The titanium raw material for producing the lithium titanate aggregate according to the present invention is selected from titanium oxide, metatitanic acid, orthotitanic acid, or a mixture thereof, and has a BET specific surface area of 5 m ² / g or more. . Since the specific surface area of the lithium titanate aggregate is determined depending on the specific surface area of the titanium raw material, a lithium titanate powder having a large specific surface area can be obtained by using this range. The average pore diameter can also be controlled by the specific surface area of the titanium raw material. The specific surface area of the titanium raw material is preferably 5 m ² / g or more and 50 m ² / g or less, more preferably 10 m ² / g or more and 40 m ² / g or less.

  Titanium oxide is titanium oxide having an anatase type, rutile type or brookite type crystal structure. In the present invention, the X-ray diffraction pattern has a plurality of crystal structures such as a crystalline titanium oxide having only a diffraction peak from a single crystal structure, as well as an anatase type diffraction peak and a rutile type diffraction peak. It may have a diffraction peak from. Moreover, a part of the amorphous material that does not appear in the X-ray diffraction pattern may be included.

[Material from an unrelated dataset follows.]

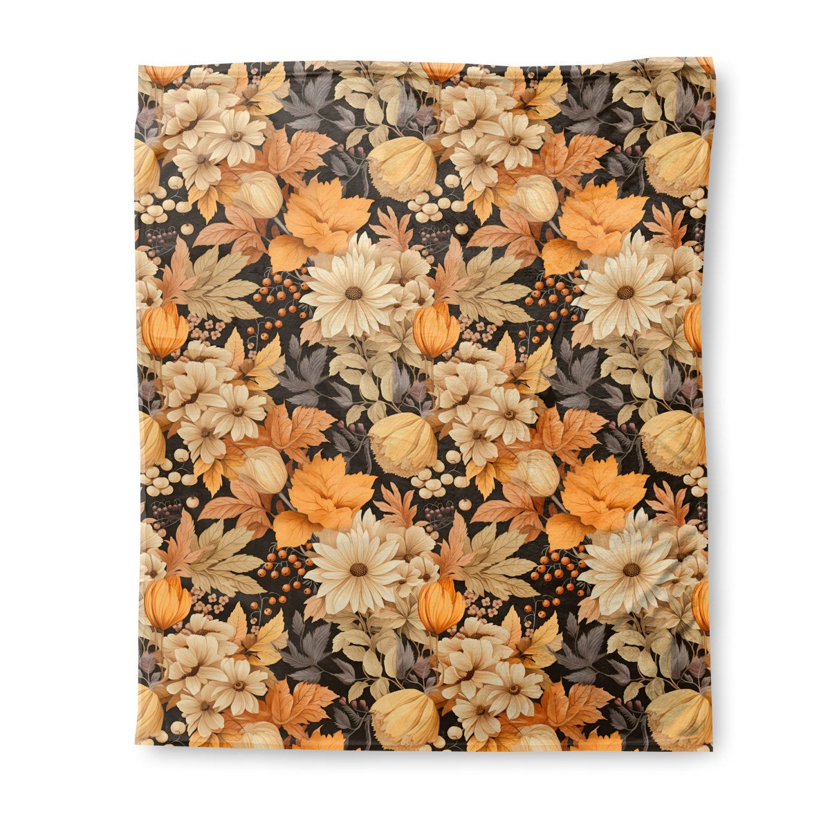 This is a seamless botanical pattern featuring autumn flora. A warm palette of orange, cream, and muted tones for flowers, leaves, and berries is set against a dark background, creating a rich, elegant, and vintage-inspired design with a cozy, autumnal feel.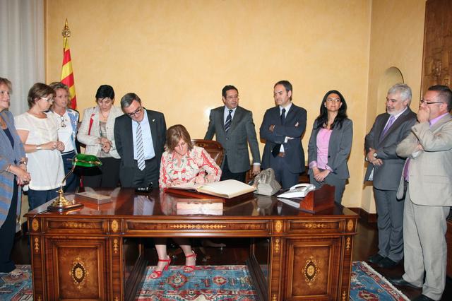 L'alcalde de Lleida, Àngel Ros, ha rebut avui la consellera de Justícia de la Generalitat, Pilar Fernández Bozal, que ha realitzat la seva primera visita institucional a l'Ajuntament de Lleida. A l'acte han assistit els portaveus municipals i regidors i regidores de la Corporació, així com el delegat de la Generalitat a Lleida, Ramon Farré. Pilar Fernández Bozal ha firmat el Llibre d'Or i ha visitat el saló de sessions on ha contemplat el Retaule de la Verge dels Paers i la Carta Pobla de la ciutat.

Metatitanic acid is represented by TiO (OH) ₂ or TiO ₂ .H ₂ O, and orthotitanic acid is represented by Ti (OH) ₄ or TiO ₂ .2H ₂ O. Metatitanic acid and orthotitanic acid are obtained by heat hydrolysis or neutralization hydrolysis of a titanium compound. For example, metatitanic acid is obtained by heating hydrolysis of titanyl sulfate (TiOSO ₄ ), neutralization hydrolysis of titanium chloride at a high temperature, etc., and orthotitanic acid is obtained from titanium sulfate (Ti (SO ₄ ) ₂ ), titanium chloride. The mixture of metatitanic acid and orthotitanic acid can be obtained by appropriately controlling the neutralization hydrolysis temperature of titanium chloride by neutralization hydrolysis at a low temperature. As a neutralizing agent used for neutralization hydrolysis, ammonium compounds such as ammonia, ammonium carbonate, ammonium sulfate, and ammonium nitrate can be used. These ammonium compounds can be decomposed and volatilized during firing. As the titanium compound, in addition to the inorganic compounds such as titanium sulfate, titanyl sulfate, and titanium chloride, organic compounds such as titanium alkoxide can be used. In particular, the titanium raw material is preferably titanium oxide from the viewpoint of improving the crystallinity of lithium titanate.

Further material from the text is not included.